Department of Health Information Technology, School of Paramedical, Ilam University of Medical Sciences, Ilam, Iran.
Department of Pediatric Dentistry, School of Dentistry, Hamadan University of Medical Sciences, Hamadan, Iran.
Int J Med Inform. 2024 Aug;188:105474. doi: 10.1016/j.ijmedinf.2024.105474. Epub 2024 May 8.
Generative artificial intelligence (GAI) is revolutionizing healthcare with solutions for complex challenges, enhancing diagnosis, treatment, and care through new data and insights. However, its integration raises questions about applications, benefits, and challenges. Our study explores these aspects, offering an overview of GAI's applications and future prospects in healthcare.
This scoping review searched Web of Science, PubMed, and Scopus . The selection of studies involved screening titles, reviewing abstracts, and examining full texts, adhering to the PRISMA-ScR guidelines throughout the process.
From 1406 articles across three databases, 109 met inclusion criteria after screening and deduplication. Nine GAI models were utilized in healthcare, with ChatGPT (n = 102, 74 %), Google Bard (Gemini) (n = 16, 11 %), and Microsoft Bing AI (n = 10, 7 %) being the most frequently employed. A total of 24 different applications of GAI in healthcare were identified, with the most common being "offering insights and information on health conditions through answering questions" (n = 41) and "diagnosis and prediction of diseases" (n = 17). In total, 606 benefits and challenges were identified, which were condensed to 48 benefits and 61 challenges after consolidation. The predominant benefits included "Providing rapid access to information and valuable insights" and "Improving prediction and diagnosis accuracy", while the primary challenges comprised "generating inaccurate or fictional content", "unknown source of information and fake references for texts", and "lower accuracy in answering questions".

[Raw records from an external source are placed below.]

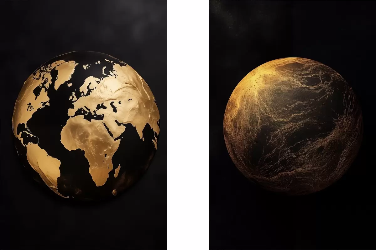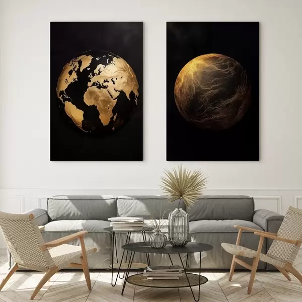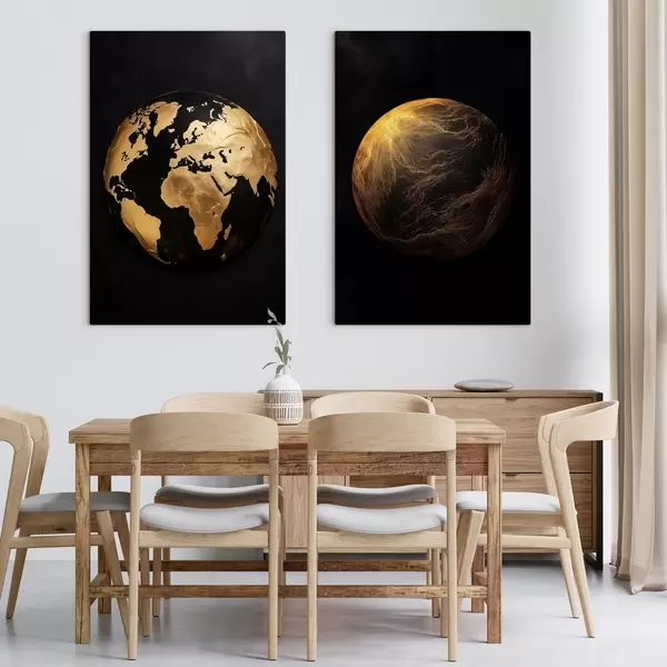 Picture Textured abstract earth globe and planet on a black background, modern minimalist art Nr m00827
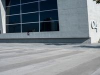 the man is walking down the side walk with his skateboard on his foot in front of a large building
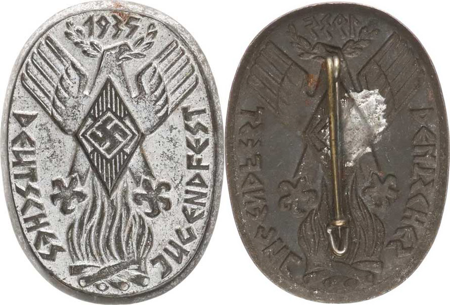Odznak "Deutsche Jugendfest 1935" postř. plech 29x40 mm _ oparv. spona
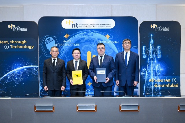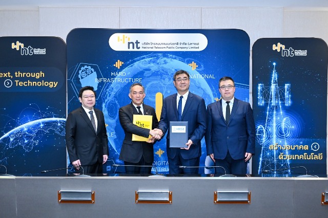 นายสรพงษ์ ศิริพันธุ์ รองกรรมการผู้จัดการใหญ่ สายงานโทรคมนาคมและดาวเทียม บมจ. โทรคมนาคมแห่งชาติ (NT) และ Mr. Zhang Yu, Head of International Business, China Satellite Communications Co., Ltd. (China Satcom) ร่วมลงนามความร่วมมือเป็นพันธมิตรด้านธุรกิจดาวเทียมระหว่าง NT และ China Satcom โดยมี พันเอก สรรพชัยย์ หุวะนันทน์ กรรมการผู้จัดการใหญ่ NT และ Mr. Sun Jing, Chairman of the Board China Satellite Communications Co., Ltd. ร่วมเป็นประธานในพิธี ณ อาคารสำนักงานใหญ่ NT ถนนแจ้งวัฒนะ กรุงเทพฯ เมื่อวันที่ 22 เมษายน 2569 ที่ผ่านมา
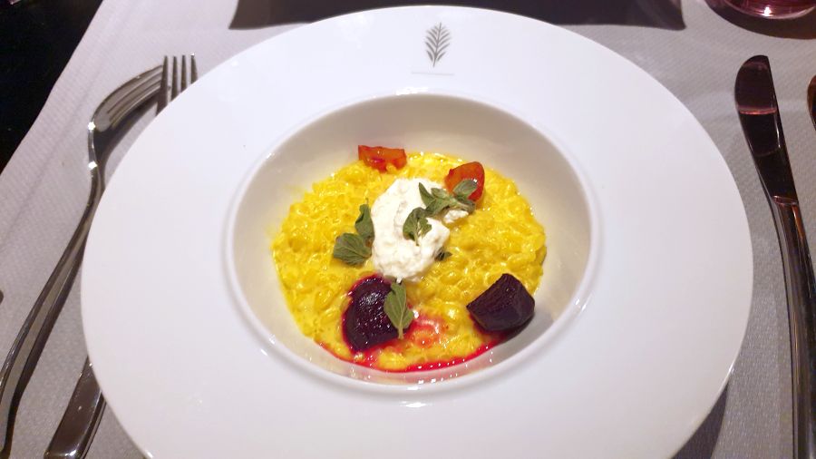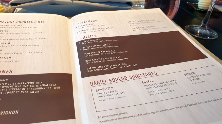 Het diner heb ik in Luminae, het restaurant van The Retreat (voor suite gasten). De kledingstijl is deze avond evening chic. Dus een mooie jurk doet het prima. Celebrity Cruises heeft geen gala-avonden waar je in smoking of galajurk hoeft. Op een week cruise zijn er twee avonden waarop je op chic gaat. De traditionele kreeft staat overigens wel op het menu 😉

This scoping review identified the applications, benefits, and challenges of GAI in healthcare. This synthesis offers a crucial overview of GAI's potential to revolutionize healthcare, emphasizing the imperative to address its limitations.
生成式人工智能(GAI)正在通过新的数据和见解为解决复杂挑战提供解决方案,从而彻底改变医疗保健行业,提高诊断、治疗和护理水平。然而,其集成引发了对应用、益处和挑战的质疑。我们的研究探讨了这些方面,提供了 GAI 在医疗保健中的应用和未来前景的概述。
本范围综述在 Web of Science、PubMed 和 Scopus 上进行了搜索。研究的选择涉及筛选标题、审查摘要和检查全文,整个过程都遵循 PRISMA-ScR 指南。
从三个数据库中的 1406 篇文章中,经过筛选和去重后,有 109 篇符合纳入标准。有 9 种 GAI 模型应用于医疗保健领域,其中 ChatGPT(n=102,74%)、Google Bard(Gemini)(n=16,11%)和 Microsoft Bing AI(n=10,7%)的使用最为频繁。总共确定了 GAI 在医疗保健中的 24 种不同应用,其中最常见的是“通过回答问题提供健康状况的见解和信息”(n=41)和“疾病的诊断和预测”(n=17)。总共确定了 606 项益处和挑战,经过整合后,这些益处和挑战分别浓缩为 48 项益处和 61 项挑战。主要的益处包括“提供快速获取信息和有价值见解的途径”和“提高预测和诊断准确性”,而主要的挑战包括“生成不准确或虚构的内容”、“信息来源未知和文本的虚假参考文献”以及“回答问题的准确性较低”。
本范围综述确定了 GAI 在医疗保健中的应用、益处和挑战。这一综合研究提供了 GAI 颠覆医疗保健潜力的重要概述,强调必须解决其局限性。